Ключевые слова
Паклитаксел, наночастицы, in vitro, Jurkat, P-гликопротеин
Введение
Паклитаксел – химиотерапевтическое средство из группы таксанов, которое ингибирует деполимеризацию тубулиновых микротрубочек, замораживая таким образом клетку в метафазе, что приводит к развитию антиангиогенного и антиапоптотического действия. Широкое применение плохо растворимого паклитаксела в онкологии ограничивается высокой токсичностью его лекарственной формы в том числе и за счет добавления растворителя. Паклитаксел является субстратом для Р-гликопротеина, фактора, во многом определяющего множественную лекарственную устойчивость опухолевых клеток [3]. Несмотря на повышенную проницаемость капилляров в опухоли, P-гликопротеин эффективно снижает концентрацию паклитаксела в опухолевых тканях [7]. В связи с этим актуальной проблемой является поиск путей преодоления факторов устойчивости опухолевых клеток и снижения токсичности паклитаксела.

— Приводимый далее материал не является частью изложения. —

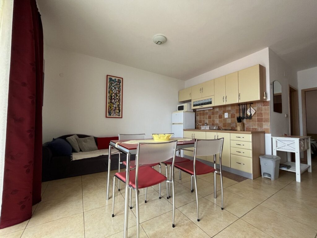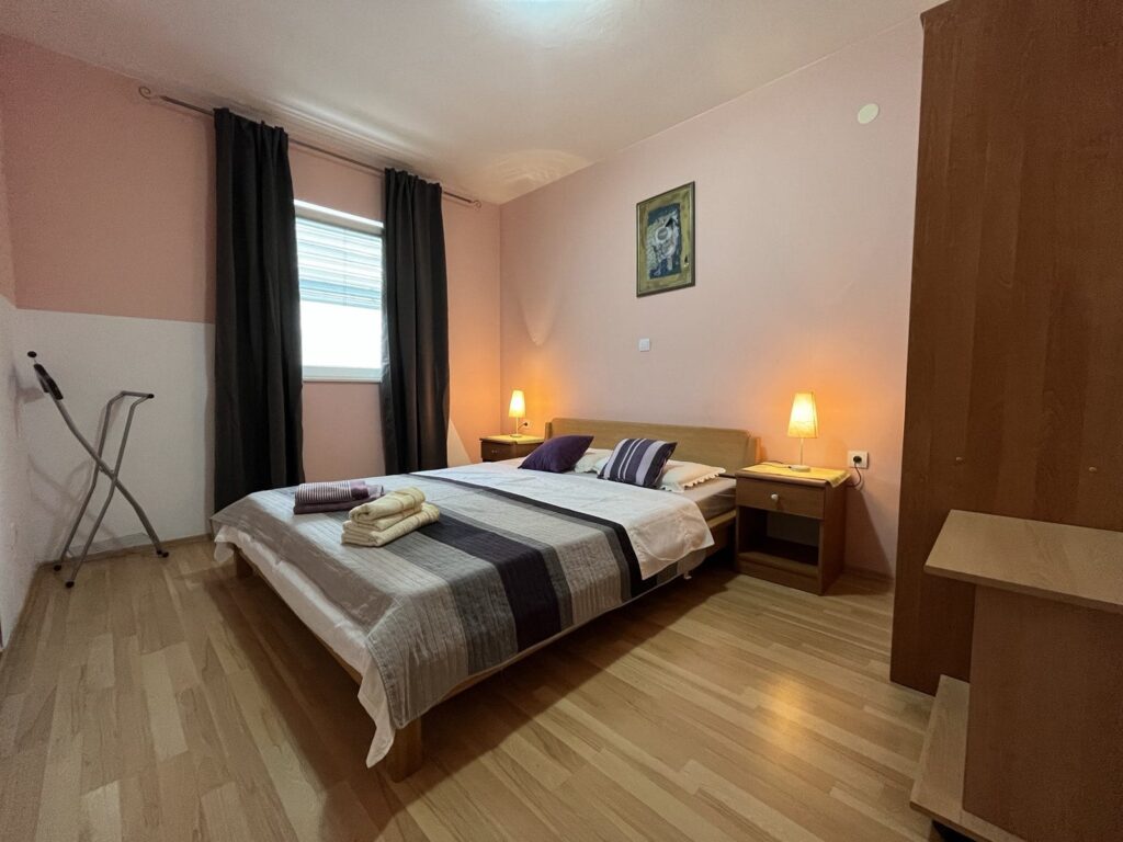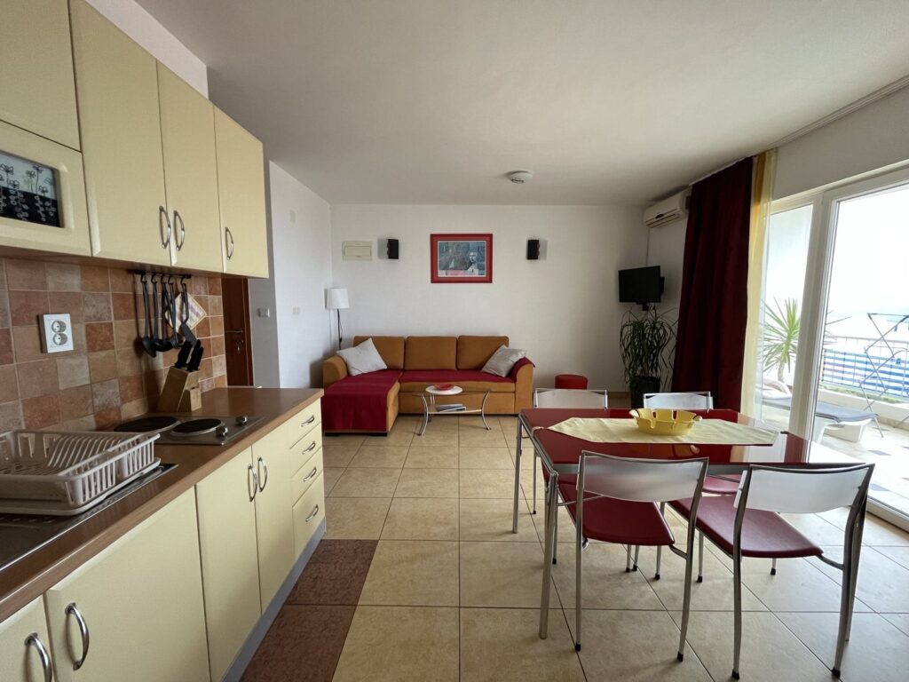 Jedna dvokrevetna soba, dnevni boravak sa dodatnim ležajem za dvije osobe, potpuno opremljena kuhinja, WC sa tušem, balkon (10m2), SAT/TV, klima uređaj, Wi-Fi .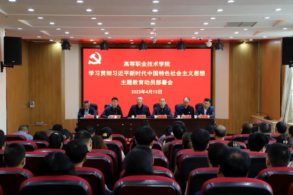 4月13日,高等职业技术学院学习贯彻习近平新时代中国特色社会主义思想主题教育工作部署会在综合楼4楼报告厅召开。学院全体班子成员、全体科级干部、部分教工学生党员代表参加会议。会议由申长奎主持,院长乐玉忠作了动员讲话。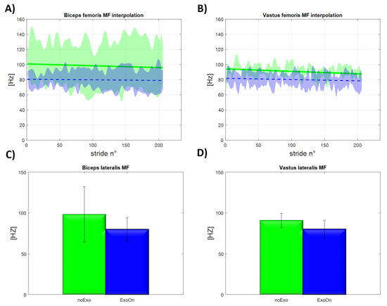 (A) Biceps femoris MF interpolation with and without XoSoft. (B) Vastus lateralis MF interpolation with and without XoSoft. (C) Biceps femoris MF mean (bars’ height), standard deviation (vertical whiskers) with and without the exoskeleton. (D) Vastus lateralis MF mean (bars’ height), standard deviation (vertical whiskers) with and without the exoskeleton. Both in panels (C,D) the horizontal line with the asterisk denotes a statistically significant difference.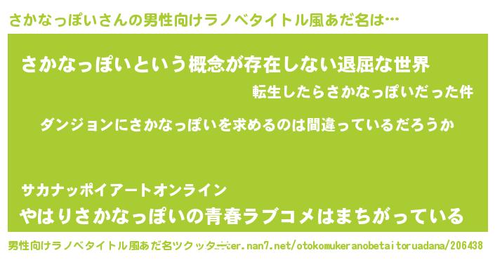 | 女子向けラノベタイトル風あだ名 | 『さかなっぽいは平凡を望む』 |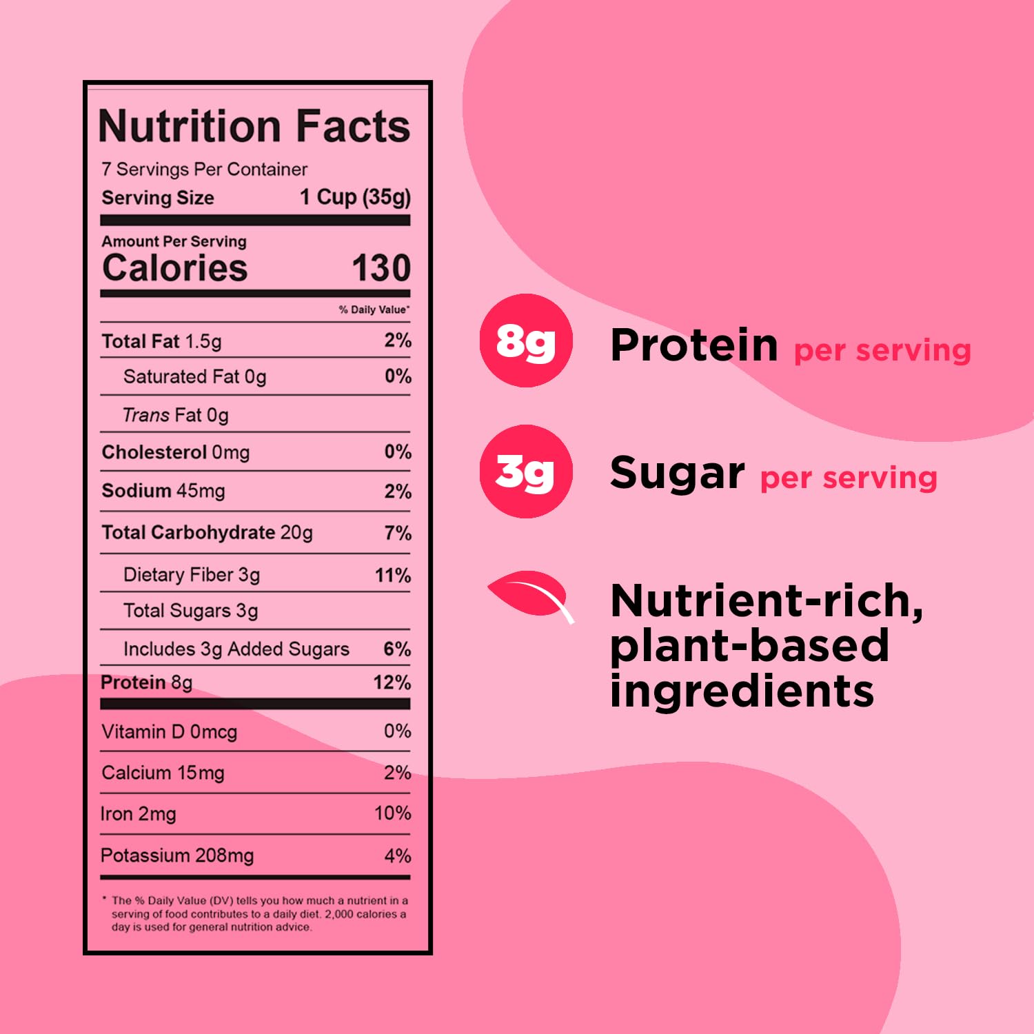 Q: How much protein does each serving of Three Wishes Cereal contain?A: Each serving of Three Wishes Strawberry Cereal contains 8g of protein, providing a healthy and satisfying breakfast option.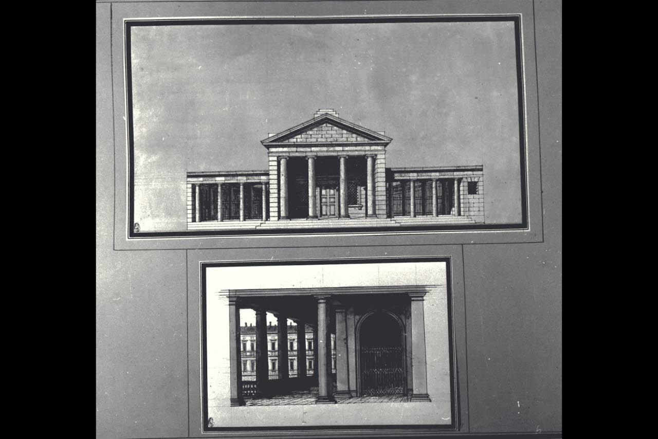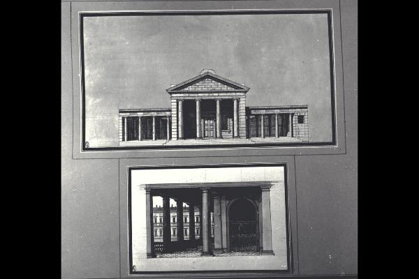 - NOTIZIE STORICO CRITICHE Il disegno fa parte di un album Vallardi del 1840, di dimensioni mm 561 x 735, sulla cui copertina in pelle marrone è incisa l'iscrizione in lettere capitali dorate "Paolo Landriani / milanese / e suoi contemporanei / nell'arte prospettica valentissimi. / Questi loro disegni / Giuseppe Vallardi / raccolse / per tramandare / co' passati maestri a' futuri / la stabile rinomanza / della scuola lombarda / l'anno MDCCCXL.". Ogni singolo disegno è incollato a un foglio dell'album, di carta grigia, presentante una cornice realizzata a penna e pennello e inchiostro sui toni del grigio.\nL'opera mostra analogie iconografiche con un altro studio per il cimitero di Porta Tosa conservato nello stesso album Vallardi D 14.

Известно, что включение лекарственных веществ в наноразмерные носители приводит к увеличению внутриклеточной доставки лекарственных веществ, в том числе и в случаях экспрессии в мембранах Р-гликопротеина. Действительно, наночастицы способны подвергаться эндоцитозу, что обеспечивает эффективный внутриклеточный транспорт лекарственных веществ, в том числе субстратов P-гликопротеина, таких как паклитаксел. Эффект повышенной проницаемости новообразованных капилляров опухоли также приводит к накоплению и выходу наночастиц из сосудистого русла в зоне опухолевого роста. Покрытие наночастиц рядом поверхностно-активных веществ ингибирует P-гликопротеин. Наносомальная форма паклитаксела на основе альбуминовых наночастиц несмотря на широкое применение в онкологической практике, незначительно повысила биодоступность и безопасность паклитаксела.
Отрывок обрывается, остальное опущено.